Area per i camper, polemica al Ticinello

PAVIA. Un'area per la sosta dei camper nella zona del Ticinello. E' il progetto che il Comune intende realizzare in tempi brevi. Ma l'idea non piace a molti residenti. Una lettera di protesta (con allegate circa 800 firme) è stata inviata al sindaco Piera Capitelli. Gli abitanti temono, tra l'altro, che questo terreno possa essere occupato abusivamente da nomadi in transito. «Già oggi - sostengono i firmatari - la zona, specie nel weekend, è popolata da una rumorosa popolazione di sudamericani che spesso, dopo le loro feste, lasciano per terra bottiglie di birra rotte».
Dal Comune si replica che l'area sarà tenuta sotto controllo (24 ore su 24) e le regole verranno fatte rispettare. Nei prossimi giorni il sindaco riceverà una delegazione dei sostenitori della petizione. L'iniziativa di scrivere alla Capitelli è nata dopo essere «venuti a conoscenza tramite la stampa locale - si legge nella lettera - dell'intenzione di trasformare parte del parcheggio Ticinello in zona di sosta attrezzata per roulottes e camper: noi desideriamo esprimerle la più ferma disapprovazione». Di seguito vengono elencate le ragioni della netta contrarietà dei residenti all'iniziativa promossa dalla giunta. «La zona - viene sottolineato nella petizione - ha una vocazione prevalentemente residenziale, non contraddetta, anzi confermata dai due importanti insediamenti scolastici, ed ha anche una valenza estetica di una certa qualità. L'attuale parcheggio fuori terra, con il suo aspetto desolato, è certo in contrasto con la restante parte del quartiere: fosse popolato di roulottes e campers, oltretutto inevitabilmente rumorosi, e, seppur ipoteticamente, non molto ordinati, peggiorerebbe ancora la situazione».
«L'occupazione del parcheggio - continua la lettera - sta progressivamente aumentando, riducendo quindi il carico sulle vie circostanti, effetto che sarebbe ancora maggiore se si volesse reprimere le soste in doppia fila ed agli angoli dei bar: possibile che si voglia impedire questo effetto benefico?

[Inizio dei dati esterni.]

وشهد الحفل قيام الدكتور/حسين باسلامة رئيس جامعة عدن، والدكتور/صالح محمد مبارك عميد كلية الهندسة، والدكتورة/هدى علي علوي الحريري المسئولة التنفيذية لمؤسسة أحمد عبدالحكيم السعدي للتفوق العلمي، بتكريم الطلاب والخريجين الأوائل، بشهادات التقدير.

Inoltre, siamo preoccupati che il risultato finale sia l'insediamento di gruppi nomadici, di cui, ovviamente, pur rispettandone le esigenze, non si vede perché debbano essere stanziati in una zona residenziale. Ci sembra anche giusto dire che se la cosa si avverasse, cercheremo con ogni modo di avere una riduzione degli estimi catastali».

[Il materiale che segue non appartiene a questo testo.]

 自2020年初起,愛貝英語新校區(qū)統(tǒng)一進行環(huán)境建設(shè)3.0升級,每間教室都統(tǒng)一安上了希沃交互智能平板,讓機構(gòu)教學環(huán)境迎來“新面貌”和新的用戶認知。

Una presa di posizione di forte critica. Ma dal Comune fanno sapere che il progetto verrà portato avanti e non ci saranno disagi per i residenti. «L'area verrà attrezzata per 20 posti di camper e roulottes - spiegano a Palazzo Mezzabarba -. La sosta massima consentita sarà di tre giorni. E' prevista una sorveglianza continua: potrà entrare soltanto chi è autorizzato. Sarà consentito il carico e lo scarico d'acqua, ma verranno vietate tutte le altre attività: solo per fare un esempio, non si potranno organizzare grigliate».
Il faccia a faccia con il sindaco servirà a chiarire la questione. Resta la protesta dei residenti per una serie di problemi che non hanno ancora trovato soluzione: «la mancata realizzazione del ponticello sul Navigliaccio, subito a monte del ponte ferroviario, che aprirebbe la possibilità di passeggiate dal Ponte Coperto sino a Santa Sofia; l'esasperante ritardo dei lavori del cantiere a monte del Ponte della Libertà; la necessità di un intervento per difendere le piste ciclabili di Viale Libertà; perchè, infine, non si pensa di fare una rotonda sul pericoloso incrocio tra via Montebello e via Colombo?».